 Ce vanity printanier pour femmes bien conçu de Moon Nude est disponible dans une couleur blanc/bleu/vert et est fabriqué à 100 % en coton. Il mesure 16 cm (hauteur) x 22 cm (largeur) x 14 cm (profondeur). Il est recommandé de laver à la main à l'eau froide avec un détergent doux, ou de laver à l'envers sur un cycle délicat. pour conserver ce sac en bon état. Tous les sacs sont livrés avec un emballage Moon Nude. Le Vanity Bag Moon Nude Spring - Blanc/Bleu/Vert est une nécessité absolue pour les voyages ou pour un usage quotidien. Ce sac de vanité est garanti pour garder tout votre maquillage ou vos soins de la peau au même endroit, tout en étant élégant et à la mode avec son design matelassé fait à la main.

==

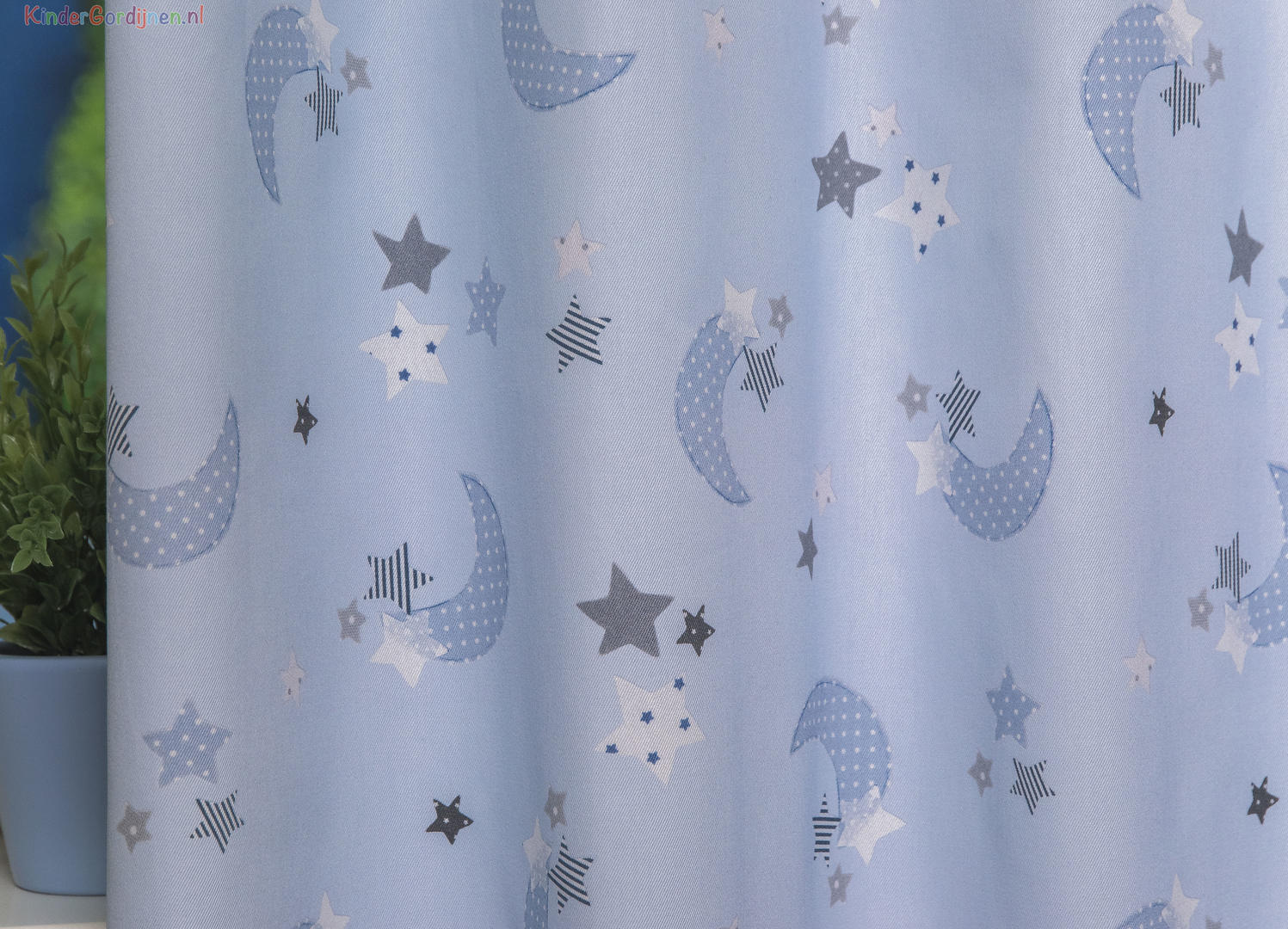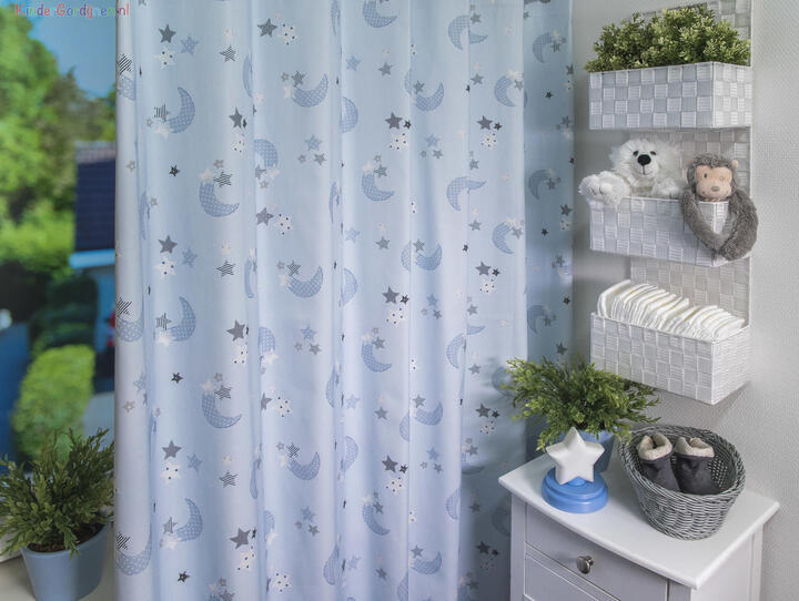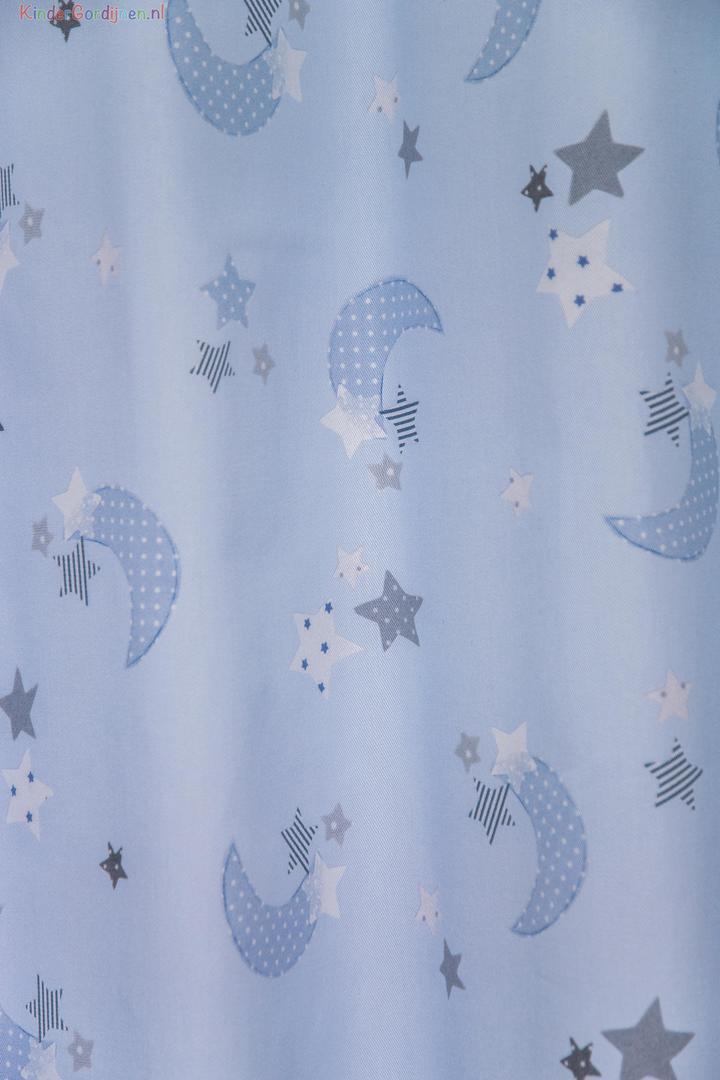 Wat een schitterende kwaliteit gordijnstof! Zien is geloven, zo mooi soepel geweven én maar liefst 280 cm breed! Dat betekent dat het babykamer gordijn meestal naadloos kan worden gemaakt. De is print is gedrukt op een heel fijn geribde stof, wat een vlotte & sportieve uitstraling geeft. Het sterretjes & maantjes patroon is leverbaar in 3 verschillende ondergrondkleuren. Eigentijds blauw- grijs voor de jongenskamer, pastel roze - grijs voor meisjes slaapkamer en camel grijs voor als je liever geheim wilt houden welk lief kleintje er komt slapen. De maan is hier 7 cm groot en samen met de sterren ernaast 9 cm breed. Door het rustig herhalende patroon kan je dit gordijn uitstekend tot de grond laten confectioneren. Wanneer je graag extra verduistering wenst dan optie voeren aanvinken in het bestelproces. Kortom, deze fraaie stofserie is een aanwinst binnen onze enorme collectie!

--

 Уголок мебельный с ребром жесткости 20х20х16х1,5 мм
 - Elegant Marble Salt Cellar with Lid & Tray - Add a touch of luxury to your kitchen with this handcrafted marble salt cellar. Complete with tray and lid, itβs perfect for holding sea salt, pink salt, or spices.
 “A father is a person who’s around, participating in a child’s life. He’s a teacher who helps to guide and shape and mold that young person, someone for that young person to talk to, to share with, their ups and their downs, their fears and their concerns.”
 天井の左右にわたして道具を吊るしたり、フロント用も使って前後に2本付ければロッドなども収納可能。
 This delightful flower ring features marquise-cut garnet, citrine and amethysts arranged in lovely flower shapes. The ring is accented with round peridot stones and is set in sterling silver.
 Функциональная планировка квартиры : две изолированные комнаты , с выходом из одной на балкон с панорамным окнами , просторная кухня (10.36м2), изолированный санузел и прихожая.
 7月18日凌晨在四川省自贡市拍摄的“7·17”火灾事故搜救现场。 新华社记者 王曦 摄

The problem:
Lines in the listing that include the word "with": how many are there? Give the number alone.

Your response:
3